Modeling inter-camera space-time and appearance relationships for tracking across non-overlapping views

  • Authors:
  • Omar Javed;Khurram Shafique;Zeeshan Rasheed;Mubarak Shah

  • Affiliations:
  • Object Video, 11600 Sunrise Valley Dr. Reston, VA 20171, USA;University of Central Florida, Orlando, FL 32816, USA;Object Video, 11600 Sunrise Valley Dr. Reston, VA 20171, USA;University of Central Florida, Orlando, FL 32816, USA

  • Venue:
  • Computer Vision and Image Understanding
  • Year:
  • 2008

Quantified Score

Hi-index 0.02

Visualization

Abstract

Tracking across cameras with non-overlapping views is a challenging problem. Firstly, the observations of an object are often widely separated in time and space when viewed from non-overlapping cameras. Secondly, the appearance of an object in one camera view might be very different from its appearance in another camera view due to the differences in illumination, pose and camera properties. To deal with the first problem, we observe that people or vehicles tend to follow the same paths in most cases, i.e., roads, walkways, corridors etc. The proposed algorithm uses this conformity in the traversed paths to establish correspondence. The algorithm learns this conformity and hence the inter-camera relationships in the form of multivariate probability density of space-time variables (entry and exit locations, velocities, and transition times) using kernel density estimation. To handle the appearance change of an object as it moves from one camera to another, we show that all brightness transfer functions from a given camera to another camera lie in a low dimensional subspace.

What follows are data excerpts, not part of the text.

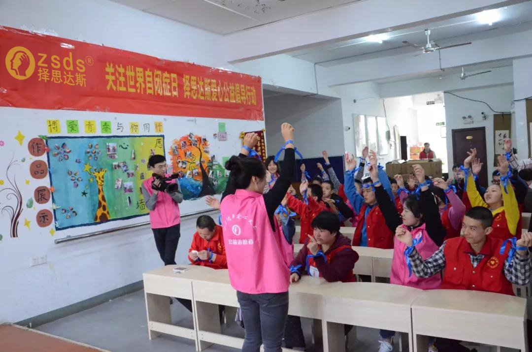 2019年4月2日,第十二个世界自闭症日,择思达斯爱心义工团队走进南京博爱残疾人之家开展了“凝聚正能量·爱心公益行——关爱自闭症公益倡导行动”,通过系上爱心蓝丝带、贴张照片墙、趣味小游戏、心理咨询老师爱心辅导等一系列爱心活动,积极宣传自闭症科普知识,现场满满的感动,满满的爱,热闹非凡,因为有爱,让他们不再孤单!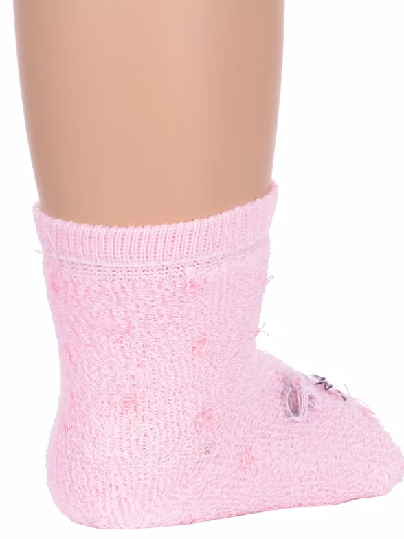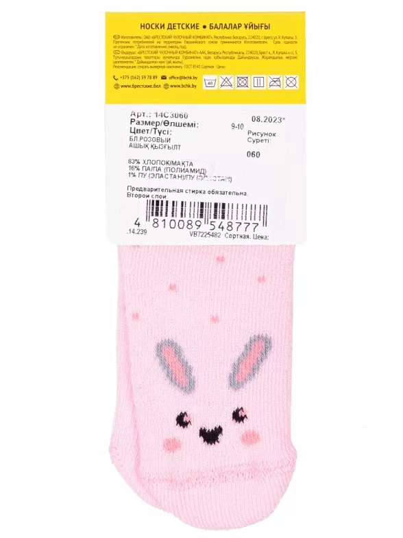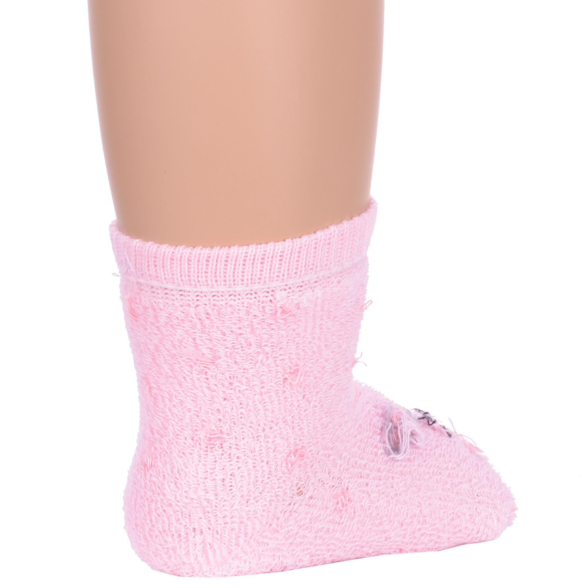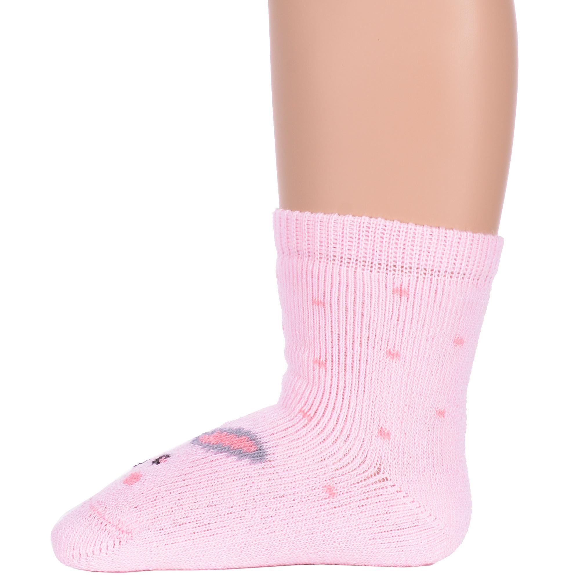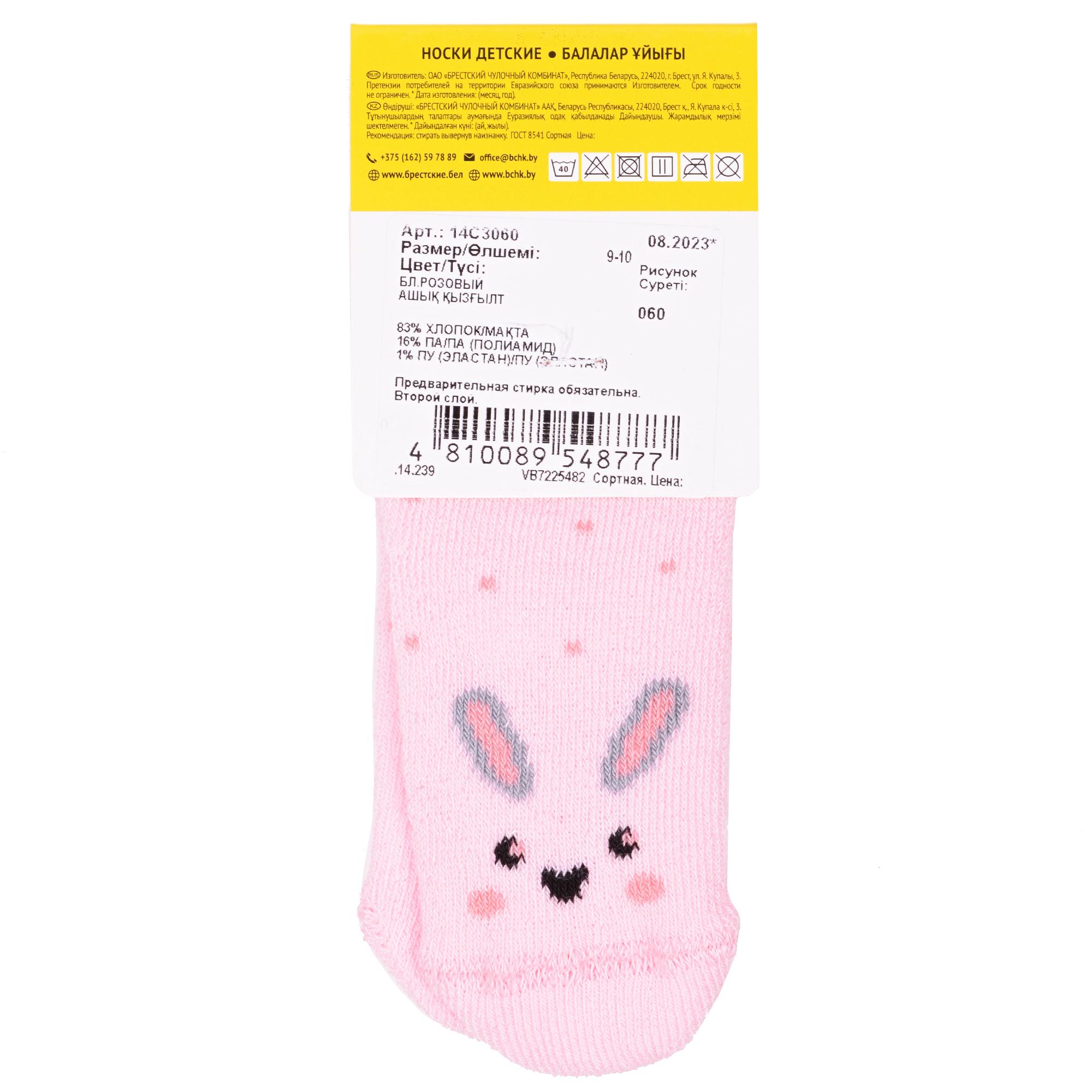 Межсезонные или зимние укороченные детские носки, цвет розовый, теплые, повседневные, махровые, шов кеттельный (бесшовная технология), принт (рисунок): животные, горох / точка, с узором, состав: 83% хлопок, 16% полиамид, 1% эластан, арт. 14С3060. Производитель «Брестский чулочный комбинат ОАО, Беларусь» под брендом «Брестские (бчк)».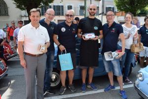 Oleggio - Il 12° Raduno Fiat 500 Club Italia – 500 Novara Laghi 2018 si è tenuto ad Oleggio domenica 15 luglio.Perché proprio luglio per "invadere" la tranquilla Oleggio? Da tempo è stato scelto questo periodo per rendere omaggio al modello nato il 4 luglio del 1957: da lì infatti, Fiat 500 con i suoi 4 posti e 2,97 metri di lunghezza, seppe conquistare le simpatie di tantissimi automobilisti. Il Raduno di quest’anno, organizzato dal Fiat 500 Club Italia – 500 Novara Laghi, ha voluto sottolineare il binomio tra turismo e motori ormai consolidato con la partecipazione, di oltre 100 vetture provenienti da tutto il nord Italia e dalla Calabria. Uno sguardo a Oleggio e dintorni e poi la sosta in viale Paganini, dove un ricco aperitivo (offerto dal Caseificio Palzola di Cavallirio e dal Caffe “Il Verdi) ha rinnovato le energie dei tanti “Fiat cinquecentisti”. Questo 2018 ha visto anche il sessantesimo anniversario della versione Fiat L e della rara Sport. Soddisfatti, della manifestazione, Marco Leonardi, coordinatore provinciale del Club 500 Novara Laghi e Marco Fortina responsabile del raduno oleggese. Al termine dell’incontro Marco Leonardi e Marco Fortina, unitamente al Sindaco di Oleggio Massimo Marcassa, hanno premiato Giacomo Poletti della Palzola, per il sostegno alla manifestazione.
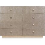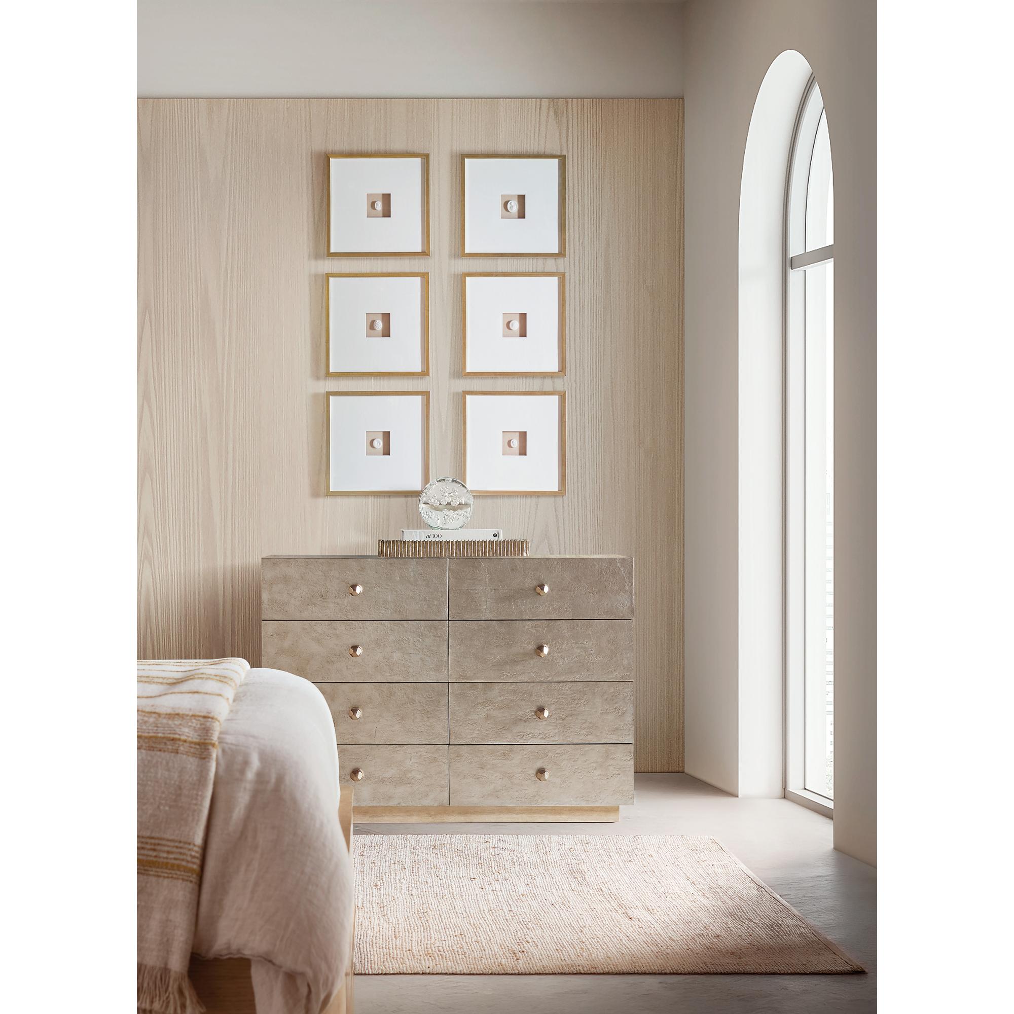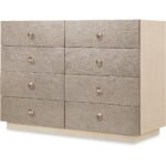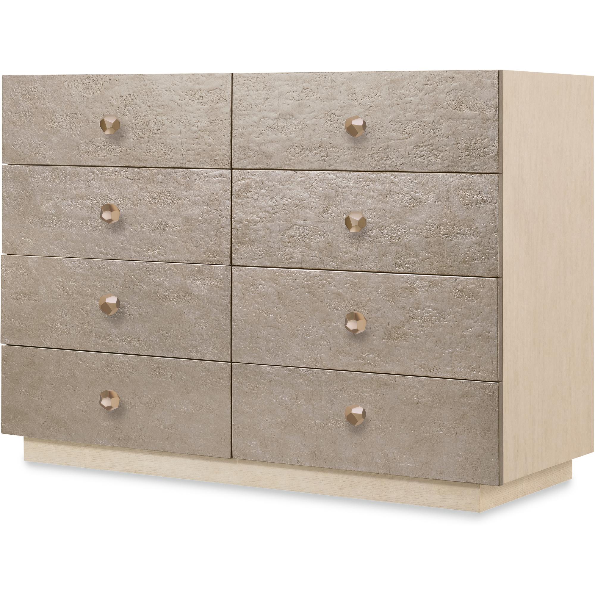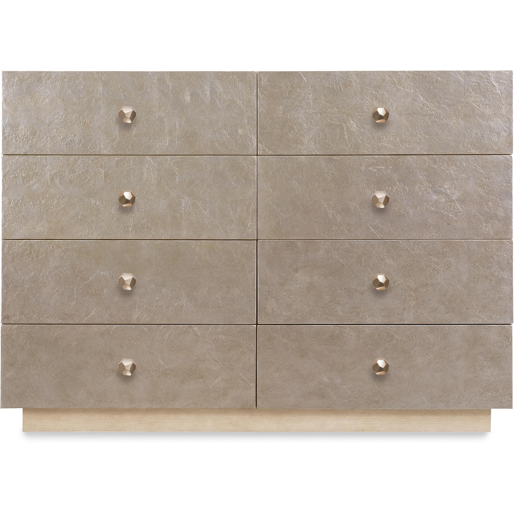 Features: Eight drawers Contrasting silver leaf finished drawer fronts Oak veneer drawer bottoms on top six drawers Cedar-lined bottom drawers Plinth base

This subspace is learned by using probabilistic principal component analysis and used for appearance matching. The proposed approach does not require explicit inter-camera calibration, rather the system learns the camera topology and subspace of inter-camera brightness transfer functions during a training phase. Once the training is complete, correspondences are assigned using the maximum likelihood (ML) estimation framework using both location and appearance cues. Experiments with real world videos are reported which validate the proposed approach.